▶ **PROBLEM TO SOLVE**: Once you find the line with "Συνοδεύσαμε τη δράση" in the data below, transcribe exactly each line from there to the line with "Grafik: Datenkoordination, BA", inclusive, and nothing else. Drop the pictures.

═══ EXCERPTED DATA ═══

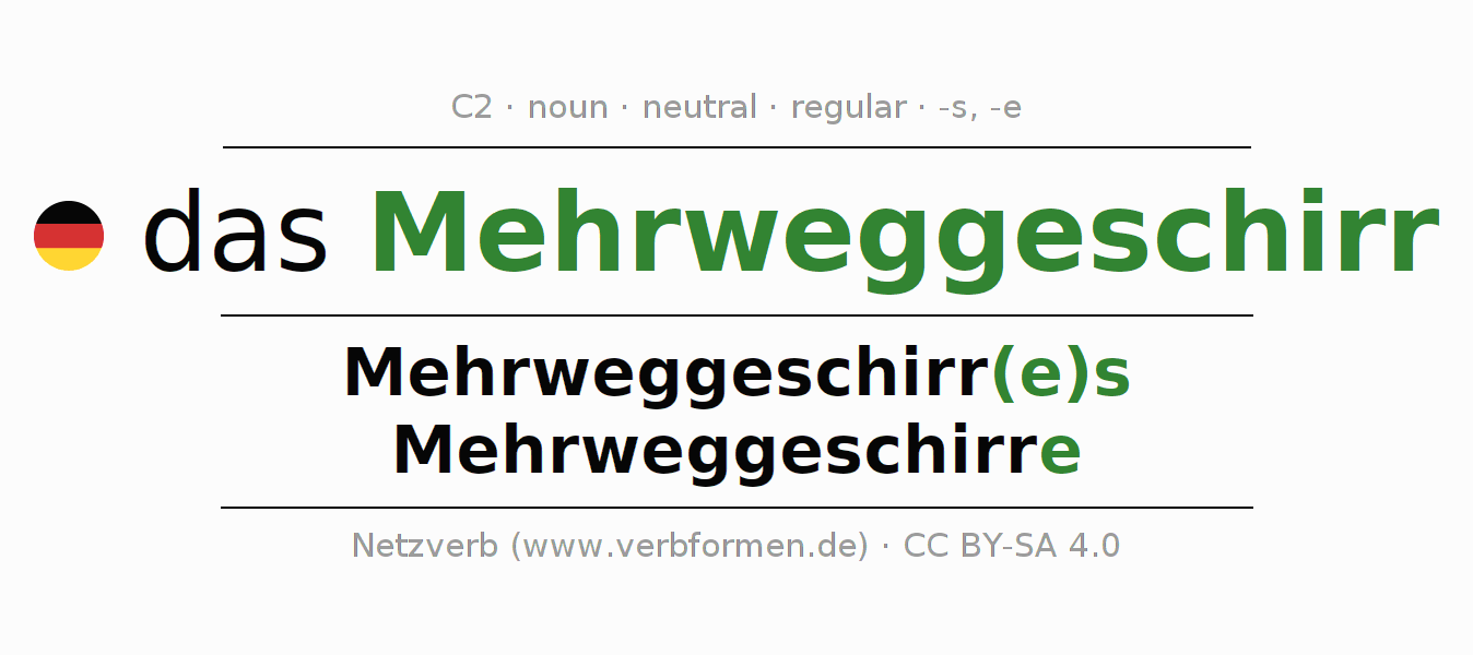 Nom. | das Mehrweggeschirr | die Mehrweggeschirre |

═══
═══ EXCERPTED DATA ═══

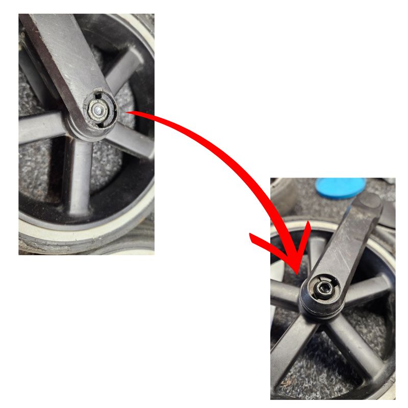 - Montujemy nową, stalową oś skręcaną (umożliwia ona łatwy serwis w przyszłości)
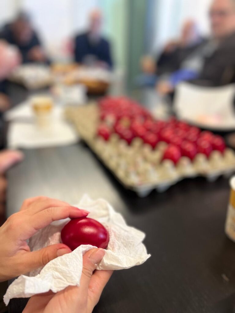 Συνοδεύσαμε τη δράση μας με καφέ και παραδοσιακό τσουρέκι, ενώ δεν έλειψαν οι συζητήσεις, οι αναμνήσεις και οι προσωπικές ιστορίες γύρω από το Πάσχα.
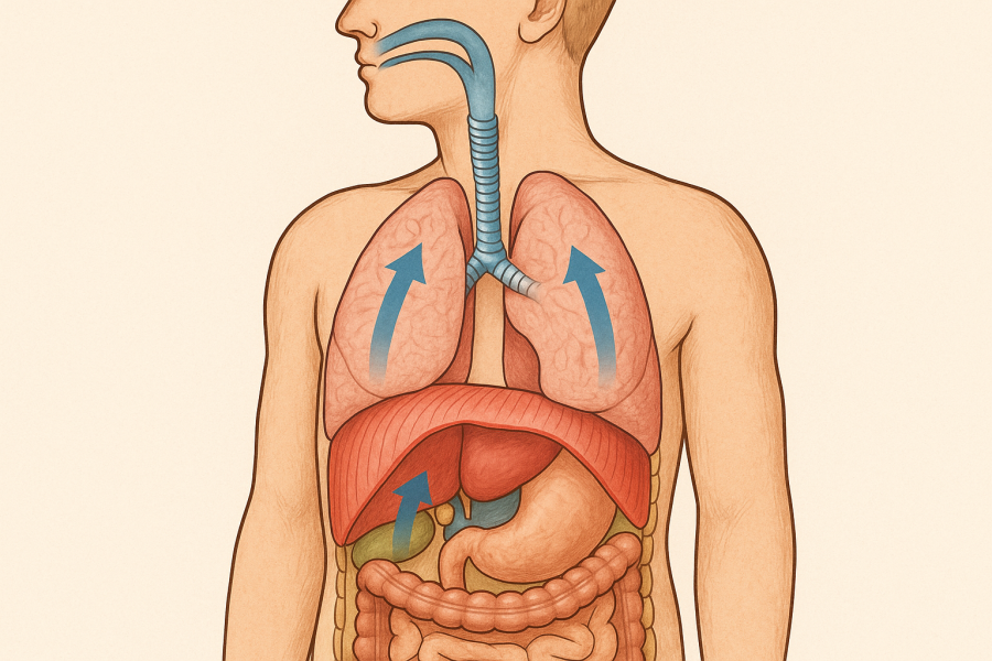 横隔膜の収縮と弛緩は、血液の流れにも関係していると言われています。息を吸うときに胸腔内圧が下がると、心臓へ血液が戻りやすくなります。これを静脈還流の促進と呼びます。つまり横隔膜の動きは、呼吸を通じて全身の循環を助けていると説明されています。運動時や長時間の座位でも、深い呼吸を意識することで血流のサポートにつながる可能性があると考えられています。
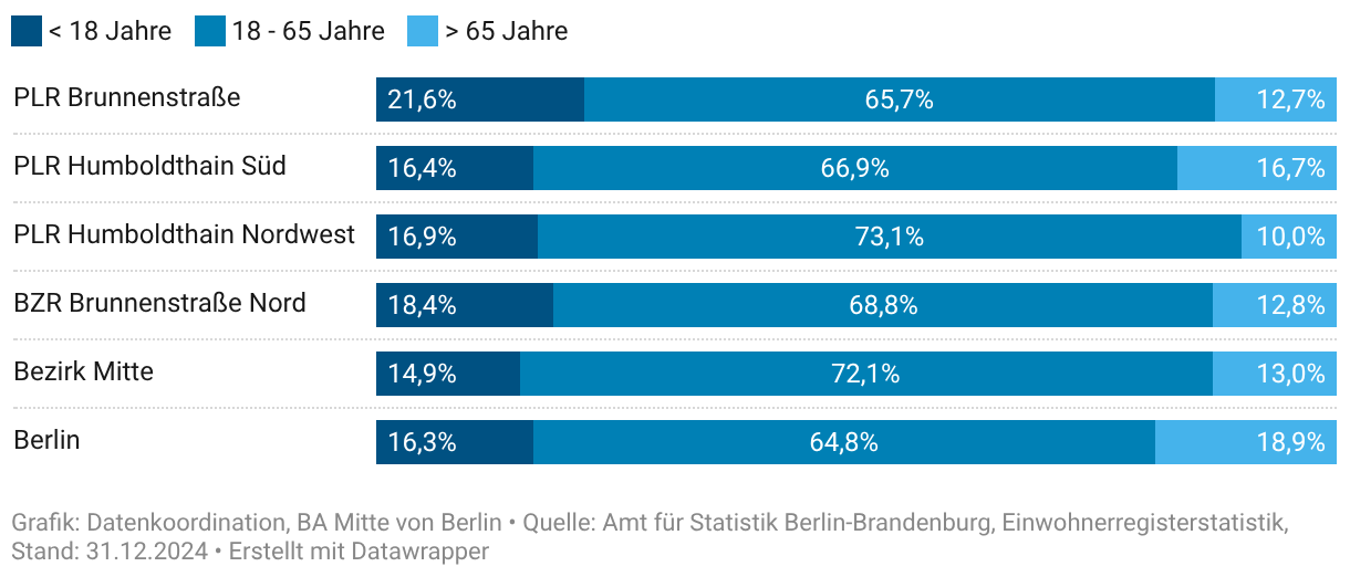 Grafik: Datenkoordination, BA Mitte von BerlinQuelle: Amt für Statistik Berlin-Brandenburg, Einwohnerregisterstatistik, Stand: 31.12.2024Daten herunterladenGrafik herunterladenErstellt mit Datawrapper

═══

▶ **TASK RESPONSE**:
 Συνοδεύσαμε τη δράση μας με καφέ και παραδοσιακό τσουρέκι, ενώ δεν έλειψαν οι συζητήσεις, οι αναμνήσεις και οι προσωπικές ιστορίες γύρω από το Πάσχα.
 横隔膜の収縮と弛緩は、血液の流れにも関係していると言われています。息を吸うときに胸腔内圧が下がると、心臓へ血液が戻りやすくなります。これを静脈還流の促進と呼びます。つまり横隔膜の動きは、呼吸を通じて全身の循環を助けていると説明されています。運動時や長時間の座位でも、深い呼吸を意識することで血流のサポートにつながる可能性があると考えられています。
 Grafik: Datenkoordination, BA Mitte von BerlinQuelle: Amt für Statistik Berlin-Brandenburg, Einwohnerregisterstatistik, Stand: 31.12.2024Daten herunterladenGrafik herunterladenErstellt mit Datawrapper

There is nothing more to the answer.